## DATASET CONTENT
──────────
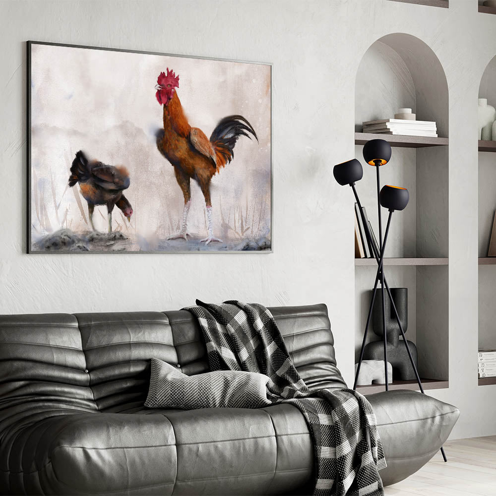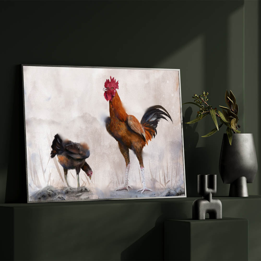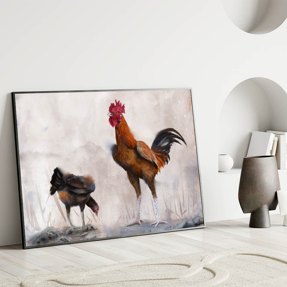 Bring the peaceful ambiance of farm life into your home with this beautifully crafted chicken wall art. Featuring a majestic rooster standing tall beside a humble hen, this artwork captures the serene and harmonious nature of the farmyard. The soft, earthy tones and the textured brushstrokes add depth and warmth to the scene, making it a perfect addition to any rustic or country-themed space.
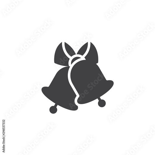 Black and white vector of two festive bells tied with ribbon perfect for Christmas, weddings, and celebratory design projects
──────────
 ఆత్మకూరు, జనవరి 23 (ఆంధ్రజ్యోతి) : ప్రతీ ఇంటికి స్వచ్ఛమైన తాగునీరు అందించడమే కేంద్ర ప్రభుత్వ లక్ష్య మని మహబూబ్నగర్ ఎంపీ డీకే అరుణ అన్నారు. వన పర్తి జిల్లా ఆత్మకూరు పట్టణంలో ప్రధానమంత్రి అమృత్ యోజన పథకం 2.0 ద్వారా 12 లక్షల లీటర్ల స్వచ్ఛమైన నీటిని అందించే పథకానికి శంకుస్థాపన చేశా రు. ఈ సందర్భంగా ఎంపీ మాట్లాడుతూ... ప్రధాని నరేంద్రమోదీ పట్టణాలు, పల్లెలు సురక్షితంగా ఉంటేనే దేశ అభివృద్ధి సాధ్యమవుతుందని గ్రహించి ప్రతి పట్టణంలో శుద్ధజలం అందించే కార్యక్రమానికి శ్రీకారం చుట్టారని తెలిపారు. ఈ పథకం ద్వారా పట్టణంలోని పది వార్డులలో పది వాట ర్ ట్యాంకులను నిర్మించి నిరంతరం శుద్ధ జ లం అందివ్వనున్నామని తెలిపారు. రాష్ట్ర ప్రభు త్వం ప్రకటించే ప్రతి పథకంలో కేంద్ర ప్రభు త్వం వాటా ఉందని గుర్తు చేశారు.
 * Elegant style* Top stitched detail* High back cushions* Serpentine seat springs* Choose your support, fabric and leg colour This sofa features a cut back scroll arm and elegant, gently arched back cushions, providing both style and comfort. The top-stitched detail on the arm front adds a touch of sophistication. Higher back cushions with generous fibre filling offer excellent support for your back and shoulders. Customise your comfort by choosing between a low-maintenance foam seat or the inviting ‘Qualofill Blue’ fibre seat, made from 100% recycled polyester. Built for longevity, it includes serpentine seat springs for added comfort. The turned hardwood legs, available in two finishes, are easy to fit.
──────────
## PROBLEM
Using the entries above, reproduce word for word only the lines from the one that contains "Bring the peaceful" to the one that contains "Black and white", both ends included, and drop every picture.

## EXERCISE OUTPUT
 Bring the peaceful ambiance of farm life into your home with this beautifully crafted chicken wall art. Featuring a majestic rooster standing tall beside a humble hen, this artwork captures the serene and harmonious nature of the farmyard. The soft, earthy tones and the textured brushstrokes add depth and warmth to the scene, making it a perfect addition to any rustic or country-themed space.
 Black and white vector of two festive bells tied with ribbon perfect for Christmas, weddings, and celebratory design projects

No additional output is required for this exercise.